Monday, August 18, 2008

My sympathies lie with proud, sunny Georgians


Monday August 18 2008

I spent a brief period in Georgia in the 1980s -- before the Soviet Union collapsed, but when it was very obviously in decline -- and thought it a most delightful country.

It was Italy on the Caucasus, and the Georgians seemed like the Italians of Asia: a handsome, smiling, cordial people, who played accordian music in the street and sat out on their verandahs and flower-bedecked balconies like Sicilians.

Unlike Russia, whose prevailing mood is Nordic and often dark -- like the writings of Dostoevsky, Chekov and Gogul -- Georgia was a land of sun and wine.

The late Sean MacReamonn, brilliant TV talker and scholar of the Irish language -- who once explained to me, with amazing clarity, how Irish and Welsh had split apart in the 12th century -- knew and loved Georgia and was knowledgeable about the Georgian language.

He also introduced me to Georgian champagne -- not strictly permitted to be called champagne because of the French copyright on the word -- but in my drinking days I found it every bit as enjoyable as "the sparkling wine of eastern France".

Georgian bubbly is a lot sweeter and a lot cheaper, but that suited me just fine: some French champagne is so dry it is almost acidulous.

You cannot know a country properly in a short visit, but you can get a feeling for a place. The Georgians were proud of their long traditions of nationhood -- they have been recognised as a nation since the fourth century; proud of their distinctive language, their poetry -- they put up more statues to poets than to politicians, bless them, and their art. Tbilisi has an engaging national art gallery which is very distinctly Georgian.

Their religion, the Georgian Orthodox Church, has been a strong aspect of their nationhood since the dawn of Christianity. During the worst periods of Communist suppression of religion -- Khruschev bulldozed hundreds of beautiful gold-plated onion-domed basilicas all over the USSR -- Georgia kept its monasteries, churches and seminaries open. The priests, who may, of course, marry, were traditionally the most educated element in Georgian society.

Stalin's mother pulled every string in the book to get young Stalin into a Georgian seminary, not especially for reasons of faith but because it was the only place to get a decent education.

But if the Georgians, who are only five-and-a-half million in number -- were proud of their long tradition of nationhood, they were also aware of their vulnerability.

Freud famously said that anatomy is destiny; it could be added that for a nation, geography is history. Georgians may be a distinct people, but their frontiers have been vulnerable to conquest by Monguls, Persians, Turks and, of course, Russia. Western Georgia was dominated by the Ottomans and Eastern Georgia by Persian rule until united by Russian conquest in the 1820s.

At this point I remembered my English husband saying, somewhat tactlessly, at a family gathering in Dublin: "Ireland never was united -- except under the crown." True, but embarrassing. But another fact which reminds us that "geography is history".

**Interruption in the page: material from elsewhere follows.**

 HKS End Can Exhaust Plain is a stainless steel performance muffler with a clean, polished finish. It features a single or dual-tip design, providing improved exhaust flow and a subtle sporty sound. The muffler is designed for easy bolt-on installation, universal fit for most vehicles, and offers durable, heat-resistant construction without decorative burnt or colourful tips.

The problem Georgia has with South Ossetia also has some parallels with Northern Ireland. The enclave, with its strong Russian element, has always been inclined to dissent from Tbilisi.

Recent events are rather as if Dublin had decided to teach a lesson to the Shankill Road, Portadown and the Ards peninsula, calling them to order as an integral part of Ireland.

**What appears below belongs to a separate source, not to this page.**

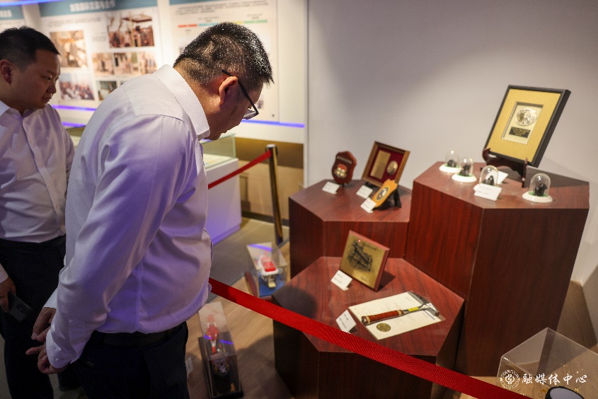 参观校史馆过程中,档案馆张赢今讲解了学校近70年的办学历程及光辉成就。崔同富详细了解了学校取得的辉煌办学成就,以及学校培养的一批批优秀校友,认为学校始终坚持服务区域经济社会发展,在产学协作、社会服务方面发挥了行业特色大学的重要作用。

And as if these strongly Orange communities turned to London for assistance, which was swiftly, and brutally, forthcoming. (Isn't it fortunate that we are governed by wiser and cooler heads than prevail in the Caucasus?)

Obviously, when it comes to the Caucasian conflict my sympathies are with the sunny and sympathetic Georgians: they not only have a tradition of nationhood, but since 1991 they have a reasonably functioning democracy.

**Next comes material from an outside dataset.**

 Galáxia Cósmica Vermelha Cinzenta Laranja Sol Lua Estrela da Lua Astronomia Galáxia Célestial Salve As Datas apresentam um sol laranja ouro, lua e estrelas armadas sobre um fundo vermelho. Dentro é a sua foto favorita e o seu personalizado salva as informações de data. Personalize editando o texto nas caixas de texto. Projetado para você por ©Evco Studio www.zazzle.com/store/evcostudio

They have the support of the Ukraine, Poland, the Baltic states, and most of the former Warsaw Pact lands in the West; but therein lies the danger, too.

Russia, since Tsarist times, has always been expansionist, and its threat to turn its nuclear weapons on Poland if provoked is terrifying. The USSR may have fallen, but the Russian bear remains prickly and jealous of its dominance in the region.

We should certainly offer Georgia cultural and humane support, and indeed one of the most active channels of communication is through the churches. Many of the oldest architectural churches and monasteries in Georgia need financial support and other Christian organisations have been moved to help.

The Georgian Orthodox Church is tolerant of other faiths and there is a burgeoning evangelisation movement, notably of Baptists.

A Georgian Baptist ecclesiatic, Archbishop Songulashvili, recently got married in Georgia -- yes, to a woman! -- and the wedding party was attended by Georgian, Ukrainian and Armenian bishops; the Papal Nuncio representing the Pope; a Jewish rabbi; and the chief imam of Tbilisi from the Islamic community, as well as those from other faiths and none.

In one spot of the Caucasus anyway, it could be said: "See how these Christians love one another."